The Livonian Chronicle of Henry from the 1220s gives a firsthand account of the Christianization of Livonia, granted as a fief by the Hohenstaufen (de facto but not known as) the King of Germany, Philip of Swabia, to Bishop Albert of Riga (Albert of Buxhoeveden), nephew of Hartwig II, the Archbishop of Bremen, who sailed (1200) with a convoy of ships filled with armed crusaders to carve out a Catholic territory in the east as part of the Livonian Crusade. Bishop Albert founded the military order of the Livonian Brothers of the Sword (Fratres militiæ Christi Livoniae, Schwertbrüderorden) in 1202; Pope Innocent III sanctioned the establishment in 1204. Albert did so in order to aid the Bishopric of Riga in the conversion of the pagan Curonians, Livonians, Semigallians, and Latgalians living on the shores of the Gulf of Riga. The membership of the order comprised German "warrior monks". Alternative names of the order include the Christ Knights, Sword Brethren, and the Militia of Christ of Livonia. From its foundation, the undisciplined Order tended to ignore its supposed vassalage to the bishops. In 1215, Albert ordered the construction of a cathedral in Riga. In 1218, he asked King Valdemar II of Denmark for assistance, but Valdemar instead arranged a deal with the Brotherhood and conquered northern Estonia for Denmark. The Brotherhood had its headquarters at Fellin (Viljandi) in present-day Estonia, where the walls of the Master's castle still stand. Other strongholds included Wenden (Cēsis), Segewold (Sigulda) and Ascheraden (Aizkraukle). The commanders of Fellin, Goldingen (Kuldīga), Marienburg (Alūksne), Reval (Tallinn), and the bailiff of Weißenstein (Paide) belonged to the five-member entourage of the Order's Master.

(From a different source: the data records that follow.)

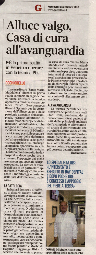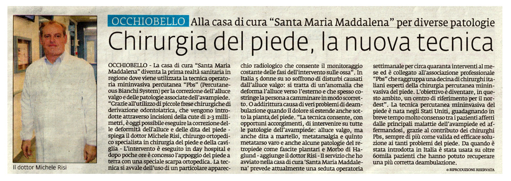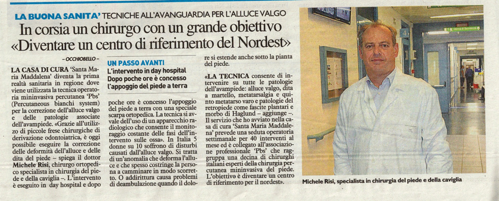 Da settembre PBS è anche ad Occhiobello in provincia di Rovigo presso la casa di cura S. Maria Maddalena. Il Dott. Michele Risi, chirurgo del Team PBS, opera l’alluce valgo e i difetti dell’avampiede con la tecnica PBS in Veneto come racconta negli articoli che riportano la notizia.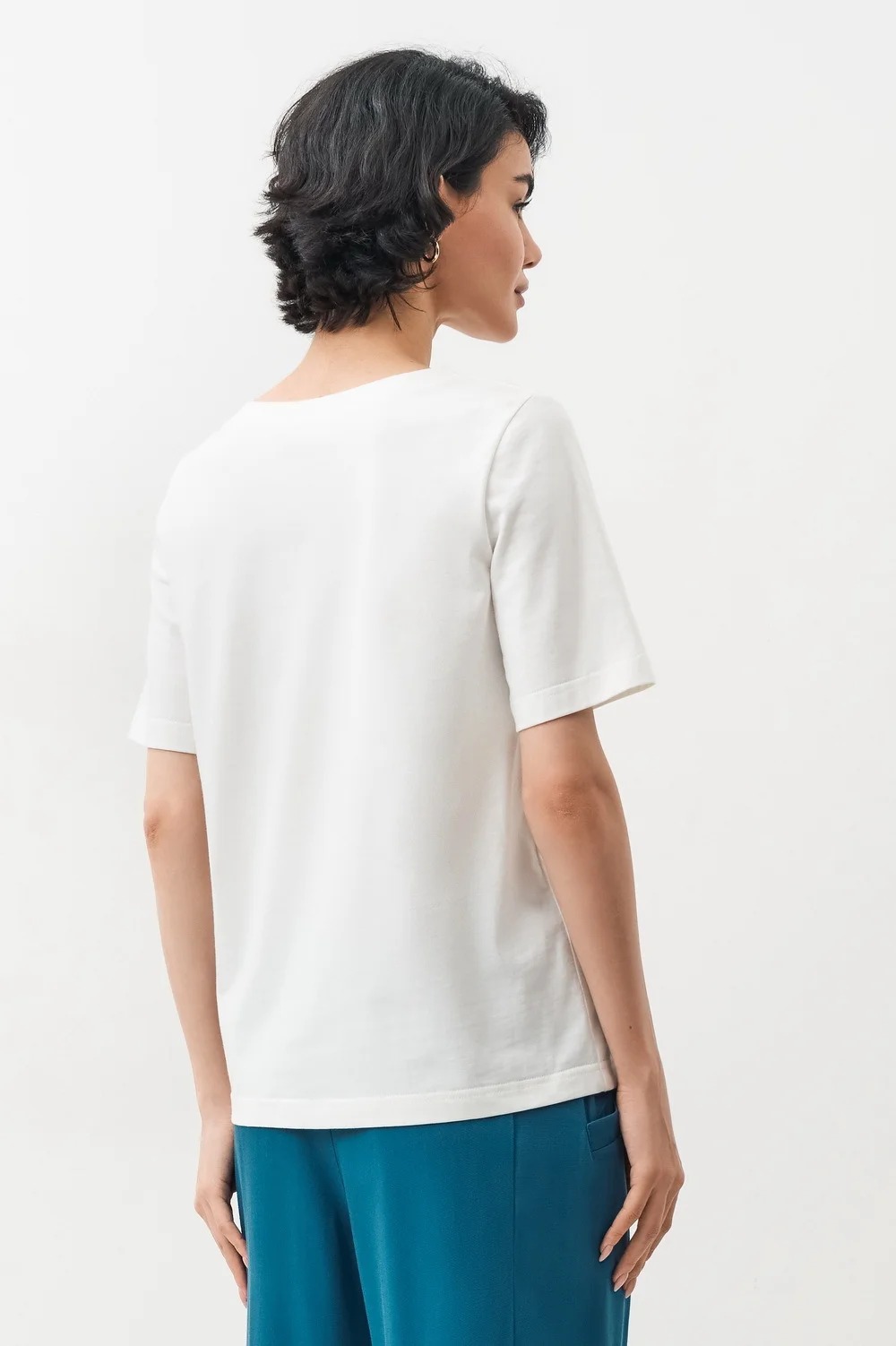 Блуза прямая. Горловина лодочкой. Полочка декорирована настрочными вертикальными деталями - полосками из ткани контрастных цветов.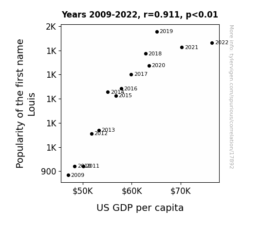 This means 83% of the change in the one variable (i.e., US GDP per capita) is predictable based on the change in the other (i.e., Popularity of the first name Louis) over the 14 years from 2009 through 2022.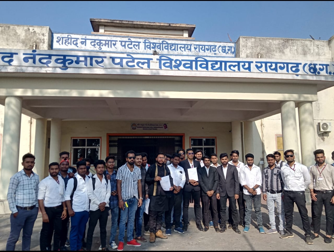 विधि के छात्रों ने असंतोष जनक परीक्षा परिणाम के संबंध में शहीद नंदकुमार पटेल विश्वविद्यालय रायगढ़ को सौंपा ज्ञापन ।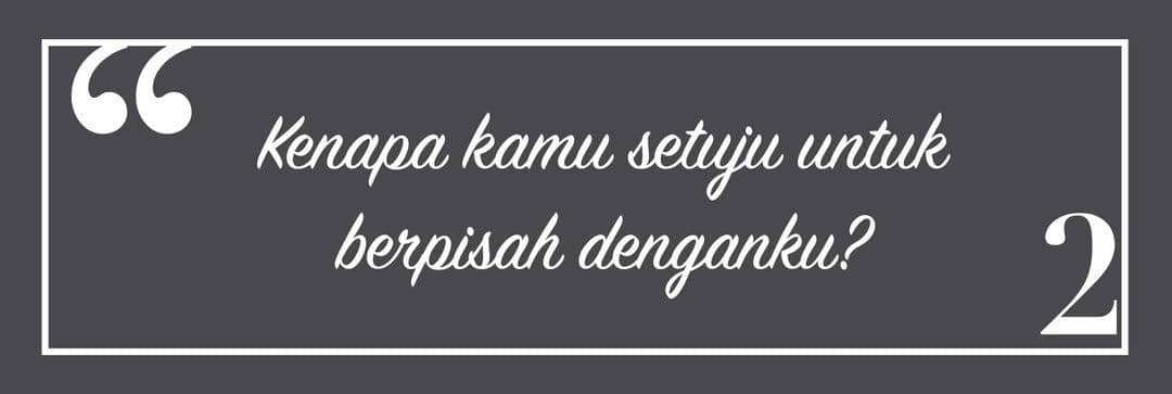 Jika kamu yang mempunyai inisiatif untuk berpisah, namun mengambil keputusan itu saat sedang marah dan kini merasa menyesal, pertanyaan ini akan membantumu menemukan kebenaran yang sesungguhnya. Apakah dia memang hanya sedang menunggumu untuk meminta perpisahan, atau merasa bahwa perpisahan memang jalan yang tepat untuk kalian.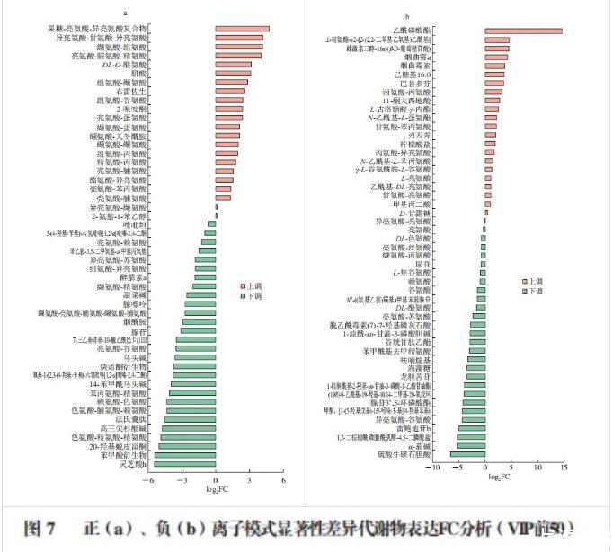 OPLS-DA模型得到的變量權重值(VIP)表示變量投影重要度,值越大,表示越重要。本實驗以VIP>1和P<0.05為顯著性差異代謝物的篩選標準,正離子模式下篩選到670種顯著性差異代謝物,負離子模式下篩選到232種顯著性差異代謝物,由于篩選到的差異代謝物過多,且表格無法直觀地顯示這些代謝物的FC,因此,選擇VIP值前50的差異代謝物,以柱狀圖形式展示鑒定到的顯著性差異代謝物的FC變化,結果如圖7所示??梢钥闯?,與硫乙醇酸鹽液體培養(yǎng)基相比,Akk在優(yōu)化培養(yǎng)基中發(fā)酵后,正離子模式下22種代謝產物顯著上調,28種代謝產物顯著下調,負離子模式下顯著上調代謝產物22種,顯著下調代謝產物28種。后續(xù)將對這些顯著性差異代謝產物進行分析。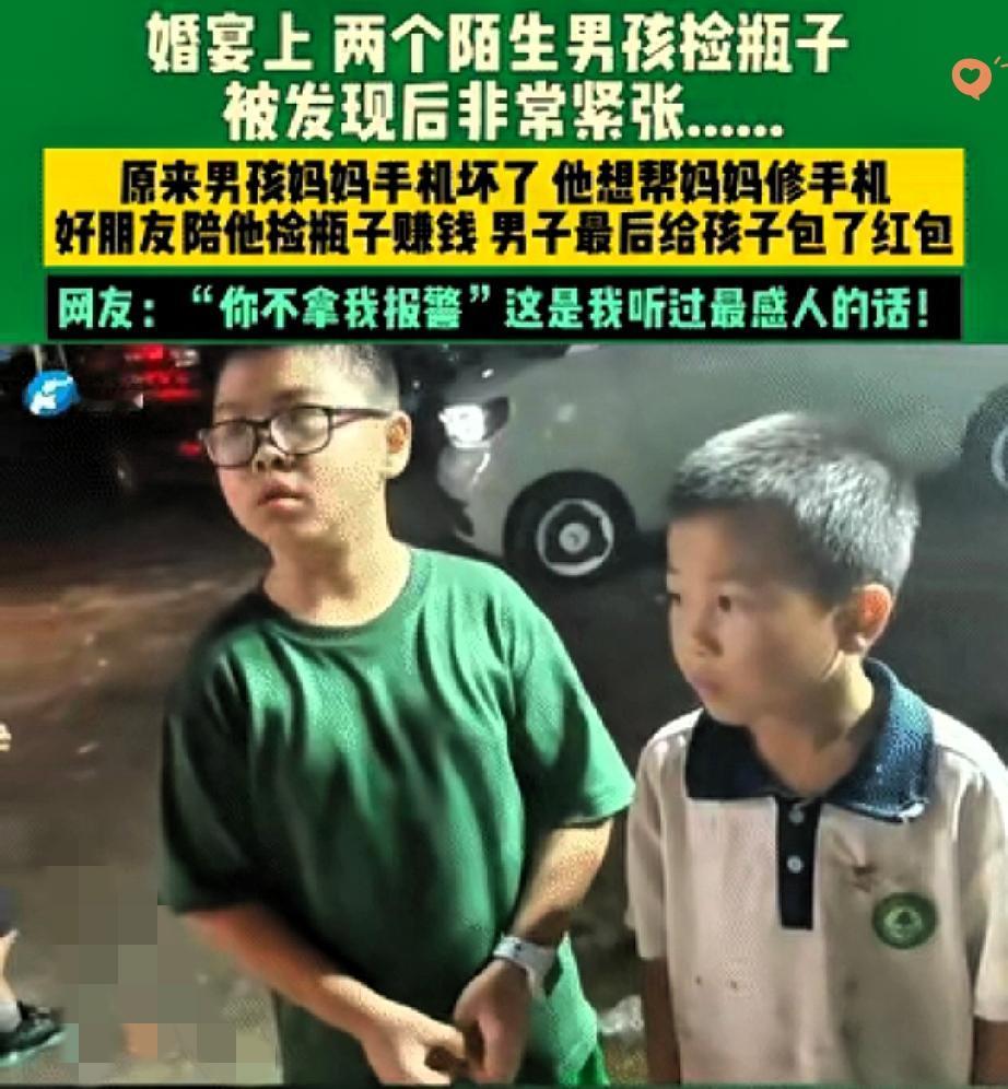 “你不拿我报警”居然成了最暖的话? 重庆婚宴上这俩小男孩和陌生大哥的事,看完真的忍不住鼻酸! 散场的婚宴里,俩娃东张西望不是贪玩,是想捡瓶子换钱—— 穿白衣服的娃要给妈妈修手机,绿衣服的同学就陪着他一起找。 可瓶子早被清走了,俩人只能空着手蔫蔫地走,这时大哥叫住他们要给红包,俩娃赶紧摆手拒绝。 没成想大哥急了,说“你不拿我报警”,才让俩娃笑着收下。 其实最戳人的不是红包,是大哥没戳破“施舍”的尴尬,用“强硬”护着孩子的自尊; 是小娃没吵着要玩具,把对妈妈的疼藏在捡瓶子里; 也是同学没嫌麻烦,陪着朋友一起努力。 这才是生活里的小善意,不刻意却超暖心。 你们平时遇到这种心软的小事,会像大哥这样搭把手吗? 或者见过比这更治愈的小瞬间?评论区说说呗!

Pope Gregory IX asked the Brothers to defend Finland from Novgorodian attacks in his letter of 24 November 1232; however, no known information regarding the knights' possible activities in Finland has survived. (Sweden eventually took over Finland after the Second Swedish Crusade in 1249.) In the Battle of Saule in 1236 the Lithuanians and Semigallians decimated the Order. This disaster led the surviving Brothers to become incorporated into the Order of Teutonic Knights in the following year, and from that point on they became known as the Livonian Order. They continued, however, to function in all respects (rule, clothing and policy) as an autonomous branch of the Teutonic Order, headed by their own Master (himself de jure subject to the Teutonic Order's Grand Master).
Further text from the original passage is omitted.